Montecristo hizo con la mano un movimiento para tranquilizar a la desolada madre, y abriendo un cofre sacó de él un frasco de cristal de bohemia que contenía un licor rojo como la sangre, y del que dejó caer una sola gota sobre los labios del niño. Este, aunque sin perder la lividez de su semblante, abrió los ojos. Al ver esto, la alegría de la madre no tuvo límites.
—¿Dónde estoy —exclamó—, y a quién debo tanta felicidad después de una prueba tan cruel?
—Estáis, señora —respondió Montecristo—, en casa del hombre más dichoso por haber podido evitaros un pesar.
—¡Oh, maldita curiosidad la mía! Todo París hablaba de esos magníficos caballos de la señora de Danglars, y he tenido la locura de querer probarlos.
—¡Cómo! —exclamó el conde con una sorpresa admirablemente fingida—. ¿Son esos caballos los de la baronesa?
—Sí, señor. ¿La conocéis?
—Tengo el honor de conocerla y mi alegría es doble por haberos salvado del peligro que os han hecho correr, porque ese peligro es a mí a quien podéis atribuir. Había comprado ayer estos caballos al barón, pero la baronesa pareció sentirlo tanto, que se los envié ayer suplicándole que los aceptase de mi mano.

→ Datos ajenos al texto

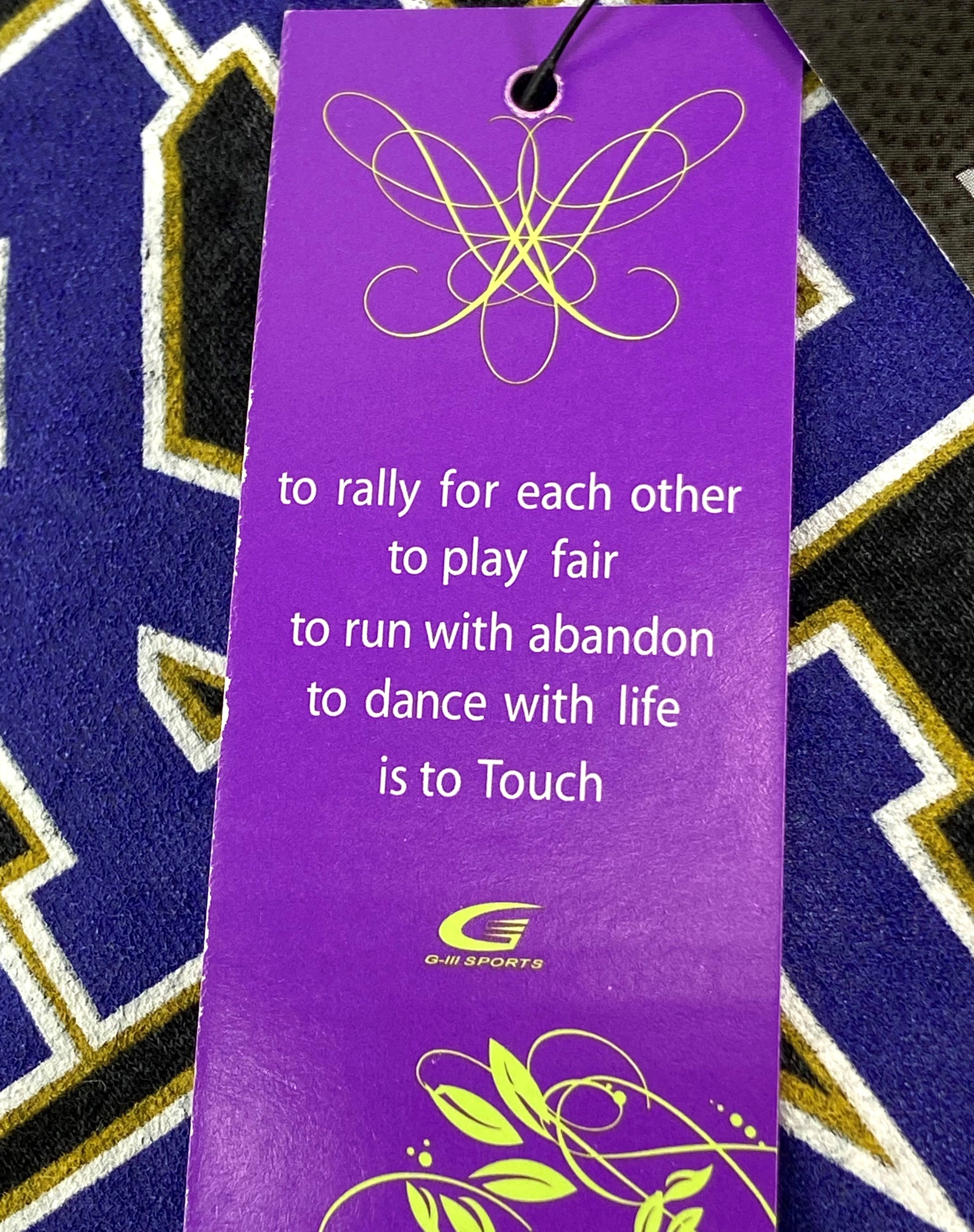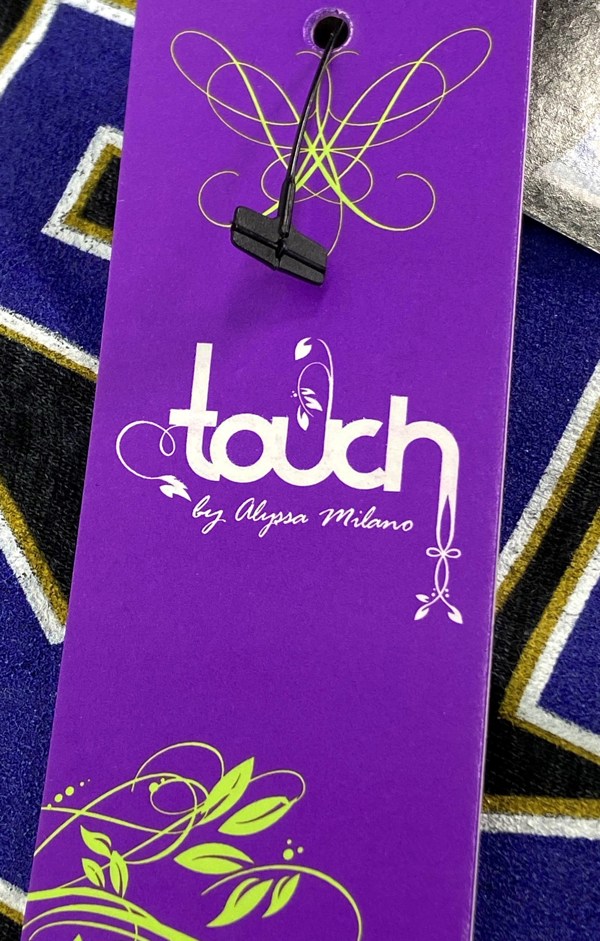 Embrace Baltimore's "Play Like a Raven" attitude with this trendy NOS t-shirt! Featuring a stylish design, this small size shirt measures 18" across the chest and 24" from top to bottom. Created by Alyssa Milano, this top is 51% Polyester, 39% Cotton, and 10% Rayon for a comfortable fit. Don't wait, check out the photos and add this must-have to your collection today! Made in China.
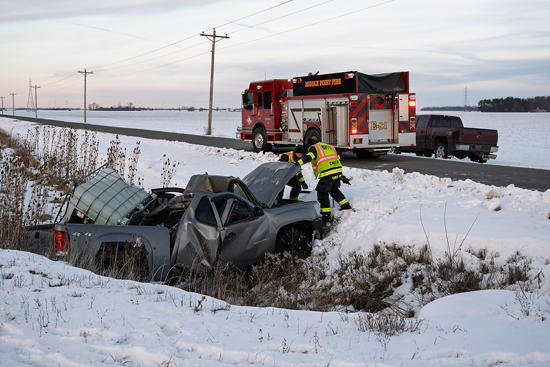Middle Point Fire Rescue and EMS units were called to the scene of a single vehicle accident at Convoy Rd. and Slane Rd at around 4:25 p.m. Monday. A Chevrolet Sierra pickup truck was eastbound on Convoy Rd. when it went off the left side of the road, approximately 200 feet from the intersection. It traveled on in a snow covered field and when it neared Slane Road it hit a roadside ditch and came to rest. The driver was removed from the truck and quickly transported by EMS to St. Rita’s Hospital in Lima. The Van Wert County Sheriff’s Department and the Ohio State Patrol were at the scene as well. OSHP is investigating the accident. Bob Barnes photo

—¿Entonces sois vos el conde de Montecristo, de quien tanto me ha hablado Herminia?
—El mismo —dijo el conde.
—Yo, caballero, soy Eloísa de Villefort.
El conde saludó como si se pronunciara delante de él un nombre enteramente desconocido.
—¡Oh, cuán reconocido os quedará el señor de Villefort! —repuso Eloísa—, porque en realidad, él os debe nuestras dos vidas; seguramente sin vuestro generoso criado nuestro hijo y yo habríamos muerto.
—¡Ay, señora!, aún me estremezco al pensar en el peligro que habéis corrido.
—¡Oh!, yo espero que me permitiréis recompensar debidamente la acción de ese hombre.
—Señora —dijo Montecristo—, no me echéis a perder a Alí, os lo ruego, ni con alabanzas ni con recompensas. Son vicios que no quiero yo que adquiera. Alí es mi esclavo; salvándoos la vida me sirve, y su’ deber es servirme.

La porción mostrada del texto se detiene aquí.